What cut deepest during the trial were submissions from Gordon Park's defence suggesting Rapson could have been the man who murdered Carol Park.

"I was disgusted that Park could go down that route, to destroy his daughter, for Vanessa's sake as well as mine, for no reason," complained Mr Price. "The police have never had Rapson in the frame. It was just a get-out to con the jury."

Vanessa was apparently frozen out by the Park family during the trial. Gordon Park testified that Christmas presents from her had gone unopened. He had also refused to talk to her, explaining on the witness stand that this was because she was "talking to Ivor and other people who would like to see me behind bars".

Vanessa testified that she could not remember going to Blackpool in the summer, the crucial trip Park claimed he was on when Carol "disappeared". She also described her father as "strict" and said he would occasionally hit them with a stick.

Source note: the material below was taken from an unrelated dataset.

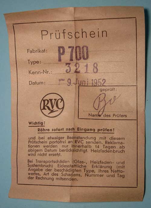 Die folgende P700 stammt wieder von Valvo, Hamburg :

Yet Jeremy Park, who was six at the time, said he remembered "feeling rejected" because his mother would not come to Blackpool and recalled riding the White Mouse rollercoaster. He failed to recall these details and the entire Blackpool trip in police interviews in 1997.

Jeremy, 34, also said that his "loving father" had never used anything other than his hand to discipline the children even though Gordon Park himself admitted to occasionally using a stick.

Similarly Rachel Park, now Garcia, denied Park had hit them and said "police had put words in her mouth" when she told them they had been lined up and hit with a belt.

One friend recalled Park was extremely tough on the children. He would use an egg timer at meal times, threatening to hit the children if they did not eat up in time. Another said Park knotted up the family's phone because he was fed-up of high phone bills, forcing them to use the phone box in the village.

As the guilty verdict was handed down to their father, Jeremy looked shell-shocked while Rachel sobbed into the shoulder of her husband. What feelings fuelled their grief we cannot know until they feel able to talk about it. Was it the loss of their father to prison or a dawning realisation that he might have lied to them for almost their entire life?

A family friend hoped the three Park siblings might eventually reconcile their differences and support each other.

She said: "It might take five or ten years but they know Vanessa is the big sister. Last year Jeremy said even if Dad goes down we will still keep in contact'."